EXERCISE DIRECTIONS: Leave the images out and repeat the data exactly as given.

DATASET CONTENT:

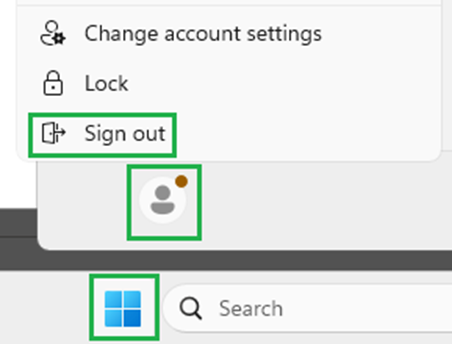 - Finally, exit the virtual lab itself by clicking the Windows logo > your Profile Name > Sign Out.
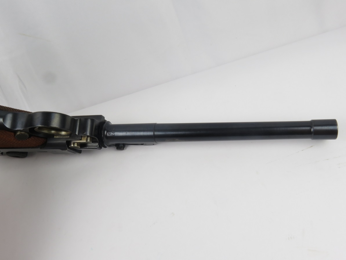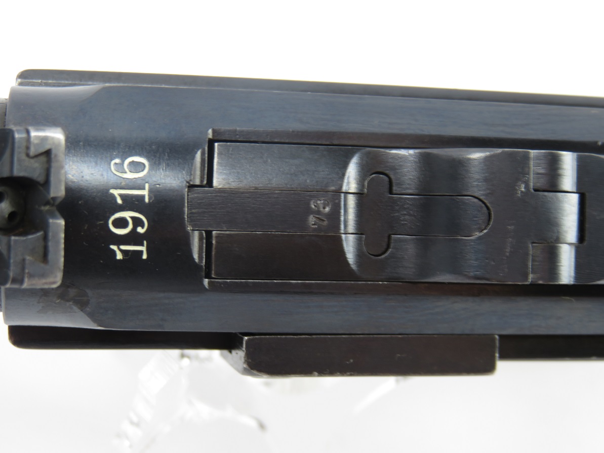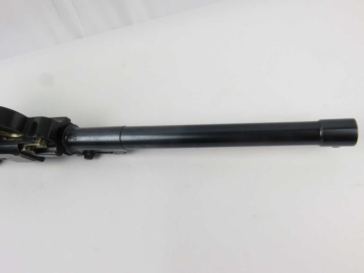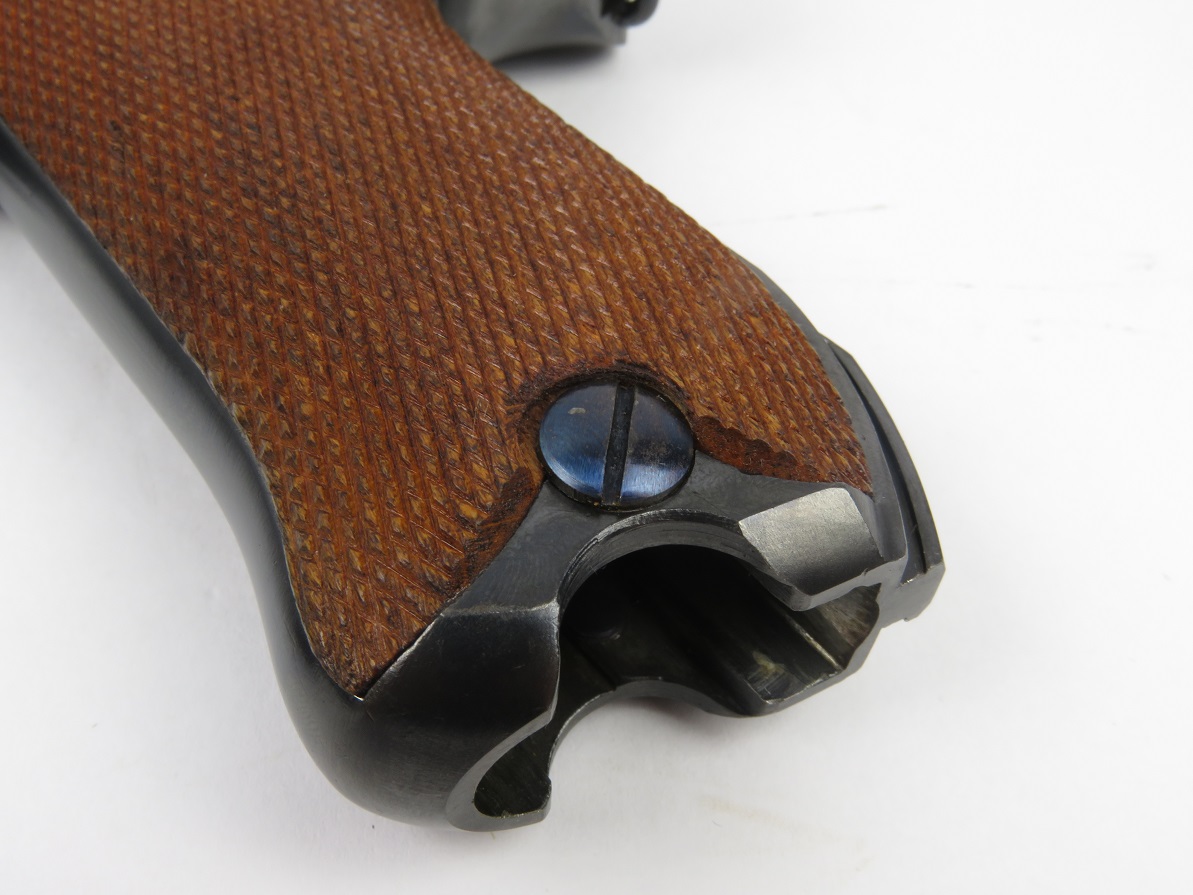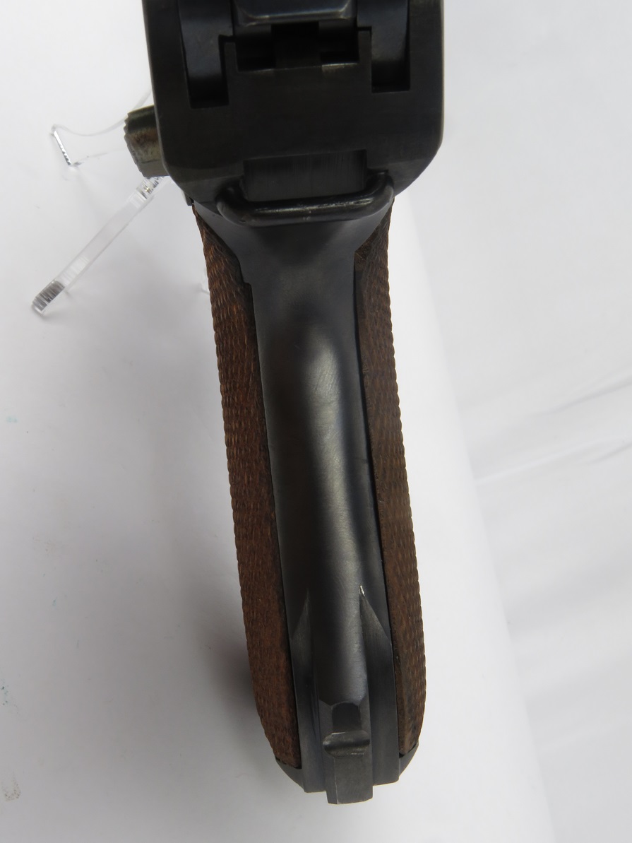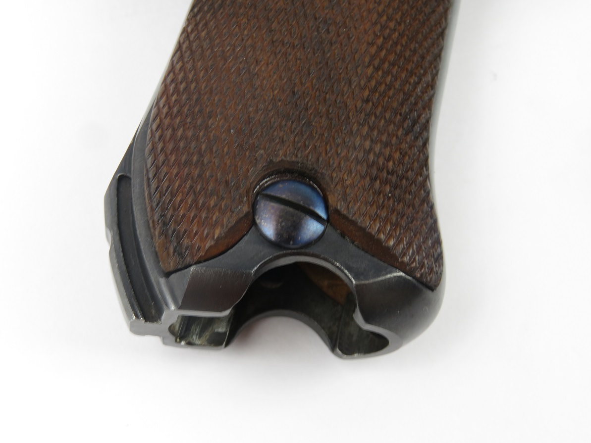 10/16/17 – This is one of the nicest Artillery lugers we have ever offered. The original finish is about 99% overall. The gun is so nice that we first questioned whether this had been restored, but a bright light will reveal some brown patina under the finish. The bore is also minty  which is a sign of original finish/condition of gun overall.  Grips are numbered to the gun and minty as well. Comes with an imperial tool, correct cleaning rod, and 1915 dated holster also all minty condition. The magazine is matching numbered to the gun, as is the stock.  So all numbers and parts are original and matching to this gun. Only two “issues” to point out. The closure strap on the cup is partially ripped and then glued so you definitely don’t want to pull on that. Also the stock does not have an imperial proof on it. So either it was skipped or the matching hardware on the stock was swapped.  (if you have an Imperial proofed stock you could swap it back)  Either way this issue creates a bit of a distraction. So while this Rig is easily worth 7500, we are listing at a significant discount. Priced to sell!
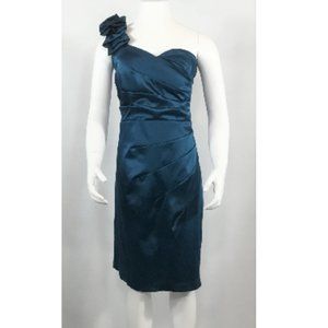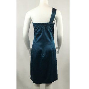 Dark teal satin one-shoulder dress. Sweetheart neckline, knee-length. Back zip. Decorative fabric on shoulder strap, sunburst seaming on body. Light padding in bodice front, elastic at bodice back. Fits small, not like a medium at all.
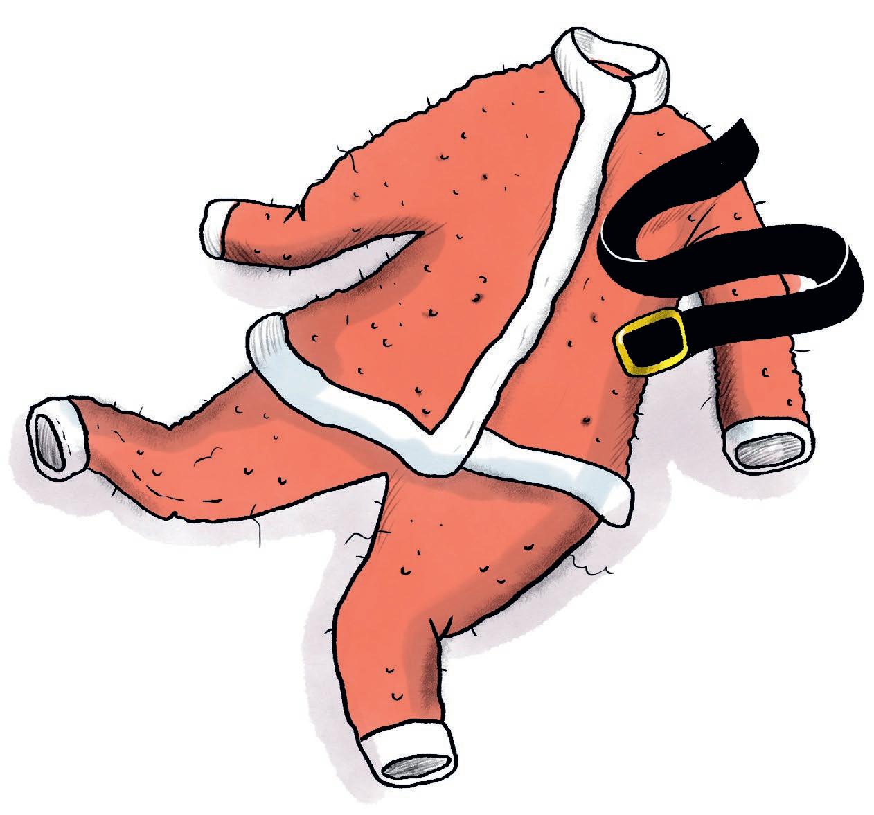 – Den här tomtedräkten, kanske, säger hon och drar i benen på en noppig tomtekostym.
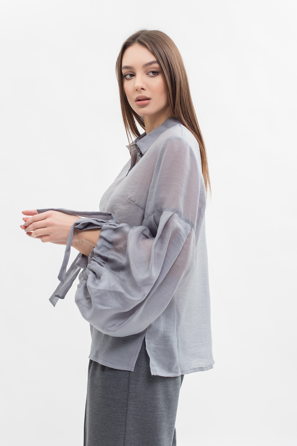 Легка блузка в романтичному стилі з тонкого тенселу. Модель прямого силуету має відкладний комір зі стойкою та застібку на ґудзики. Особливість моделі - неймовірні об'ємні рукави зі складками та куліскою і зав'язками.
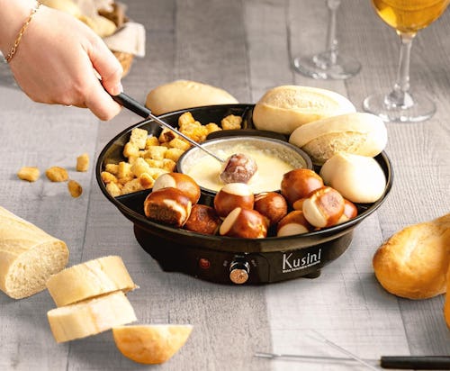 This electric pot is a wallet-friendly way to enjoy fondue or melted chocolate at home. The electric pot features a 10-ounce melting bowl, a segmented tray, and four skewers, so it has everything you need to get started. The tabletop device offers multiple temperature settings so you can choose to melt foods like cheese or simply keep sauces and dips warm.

REPLY:
 - Finally, exit the virtual lab itself by clicking the Windows logo > your Profile Name > Sign Out.
 10/16/17 – This is one of the nicest Artillery lugers we have ever offered. The original finish is about 99% overall. The gun is so nice that we first questioned whether this had been restored, but a bright light will reveal some brown patina under the finish. The bore is also minty  which is a sign of original finish/condition of gun overall.  Grips are numbered to the gun and minty as well. Comes with an imperial tool, correct cleaning rod, and 1915 dated holster also all minty condition. The magazine is matching numbered to the gun, as is the stock.  So all numbers and parts are original and matching to this gun. Only two “issues” to point out. The closure strap on the cup is partially ripped and then glued so you definitely don’t want to pull on that. Also the stock does not have an imperial proof on it. So either it was skipped or the matching hardware on the stock was swapped.  (if you have an Imperial proofed stock you could swap it back)  Either way this issue creates a bit of a distraction. So while this Rig is easily worth 7500, we are listing at a significant discount. Priced to sell!
 Dark teal satin one-shoulder dress. Sweetheart neckline, knee-length. Back zip. Decorative fabric on shoulder strap, sunburst seaming on body. Light padding in bodice front, elastic at bodice back. Fits small, not like a medium at all.
 – Den här tomtedräkten, kanske, säger hon och drar i benen på en noppig tomtekostym.
 Легка блузка в романтичному стилі з тонкого тенселу. Модель прямого силуету має відкладний комір зі стойкою та застібку на ґудзики. Особливість моделі - неймовірні об'ємні рукави зі складками та куліскою і зав'язками.
 This electric pot is a wallet-friendly way to enjoy fondue or melted chocolate at home. The electric pot features a 10-ounce melting bowl, a segmented tray, and four skewers, so it has everything you need to get started. The tabletop device offers multiple temperature settings so you can choose to melt foods like cheese or simply keep sauces and dips warm.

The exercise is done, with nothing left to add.